*** Data excerpts Section Begins ***

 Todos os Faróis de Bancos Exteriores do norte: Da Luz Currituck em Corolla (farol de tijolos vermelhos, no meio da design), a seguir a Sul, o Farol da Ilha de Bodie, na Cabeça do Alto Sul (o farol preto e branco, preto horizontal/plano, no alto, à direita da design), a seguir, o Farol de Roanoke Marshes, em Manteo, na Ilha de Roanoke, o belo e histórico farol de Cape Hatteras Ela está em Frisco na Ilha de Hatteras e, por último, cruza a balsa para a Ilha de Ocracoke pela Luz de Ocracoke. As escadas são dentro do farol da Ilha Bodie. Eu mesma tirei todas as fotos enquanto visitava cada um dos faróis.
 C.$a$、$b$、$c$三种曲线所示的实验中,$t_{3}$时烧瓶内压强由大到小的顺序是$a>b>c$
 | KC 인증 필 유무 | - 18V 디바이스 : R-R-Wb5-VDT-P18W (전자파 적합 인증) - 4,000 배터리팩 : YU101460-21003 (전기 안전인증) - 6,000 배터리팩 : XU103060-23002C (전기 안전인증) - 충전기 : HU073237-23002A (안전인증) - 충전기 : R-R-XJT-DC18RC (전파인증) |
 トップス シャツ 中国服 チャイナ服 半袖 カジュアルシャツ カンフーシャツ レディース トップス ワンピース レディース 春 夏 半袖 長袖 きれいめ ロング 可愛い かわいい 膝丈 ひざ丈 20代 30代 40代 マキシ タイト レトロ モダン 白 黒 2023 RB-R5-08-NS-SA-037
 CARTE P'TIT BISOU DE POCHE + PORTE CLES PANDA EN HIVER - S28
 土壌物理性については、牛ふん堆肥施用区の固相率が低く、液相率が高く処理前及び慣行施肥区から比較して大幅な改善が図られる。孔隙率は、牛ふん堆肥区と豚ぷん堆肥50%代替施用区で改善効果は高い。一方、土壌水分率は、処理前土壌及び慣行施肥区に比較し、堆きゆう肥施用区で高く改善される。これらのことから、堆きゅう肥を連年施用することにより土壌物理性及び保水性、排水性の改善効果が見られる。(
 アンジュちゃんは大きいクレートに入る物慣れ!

*** Data excerpts Section Ends ***
*** Data excerpts Section Begins ***

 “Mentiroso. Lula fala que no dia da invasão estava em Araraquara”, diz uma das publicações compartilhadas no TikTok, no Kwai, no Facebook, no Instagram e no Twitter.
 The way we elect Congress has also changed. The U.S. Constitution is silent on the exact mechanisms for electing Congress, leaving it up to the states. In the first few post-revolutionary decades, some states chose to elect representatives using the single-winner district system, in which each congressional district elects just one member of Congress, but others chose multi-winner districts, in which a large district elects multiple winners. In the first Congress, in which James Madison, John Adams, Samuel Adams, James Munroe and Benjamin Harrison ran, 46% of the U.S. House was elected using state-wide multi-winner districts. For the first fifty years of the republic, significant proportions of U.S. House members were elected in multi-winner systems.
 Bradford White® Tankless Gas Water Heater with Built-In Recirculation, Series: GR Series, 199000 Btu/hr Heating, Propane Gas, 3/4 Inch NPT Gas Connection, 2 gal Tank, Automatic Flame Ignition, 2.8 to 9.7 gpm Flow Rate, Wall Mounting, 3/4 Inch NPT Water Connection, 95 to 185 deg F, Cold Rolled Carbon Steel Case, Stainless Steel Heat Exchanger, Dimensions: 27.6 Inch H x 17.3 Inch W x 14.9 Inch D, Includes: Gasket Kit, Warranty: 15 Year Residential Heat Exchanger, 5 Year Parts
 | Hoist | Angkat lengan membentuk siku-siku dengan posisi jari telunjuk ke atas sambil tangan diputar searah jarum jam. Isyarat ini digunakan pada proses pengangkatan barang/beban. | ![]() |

*** Data excerpts Section Ends ***
*** Data excerpts Section Begins ***

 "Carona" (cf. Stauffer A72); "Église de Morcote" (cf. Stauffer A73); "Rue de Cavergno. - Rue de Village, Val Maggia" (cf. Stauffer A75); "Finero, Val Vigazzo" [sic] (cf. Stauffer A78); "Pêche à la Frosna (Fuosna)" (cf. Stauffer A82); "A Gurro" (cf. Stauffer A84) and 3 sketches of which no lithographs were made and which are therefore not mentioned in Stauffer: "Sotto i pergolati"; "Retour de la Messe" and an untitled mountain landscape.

*** Data excerpts Section Ends ***

▶ **What you will do**
Lines wanted from the listing above: the line with "土壌物理性については、牛ふん" up to and including the line with "アンジュちゃんは大きいクレートに入る物慣れ!". Please write them out exactly, adding nothing else.

▶ **Solution to the problem**
 土壌物理性については、牛ふん堆肥施用区の固相率が低く、液相率が高く処理前及び慣行施肥区から比較して大幅な改善が図られる。孔隙率は、牛ふん堆肥区と豚ぷん堆肥50%代替施用区で改善効果は高い。一方、土壌水分率は、処理前土壌及び慣行施肥区に比較し、堆きゆう肥施用区で高く改善される。これらのことから、堆きゅう肥を連年施用することにより土壌物理性及び保水性、排水性の改善効果が見られる。(
 アンジュちゃんは大きいクレートに入る物慣れ!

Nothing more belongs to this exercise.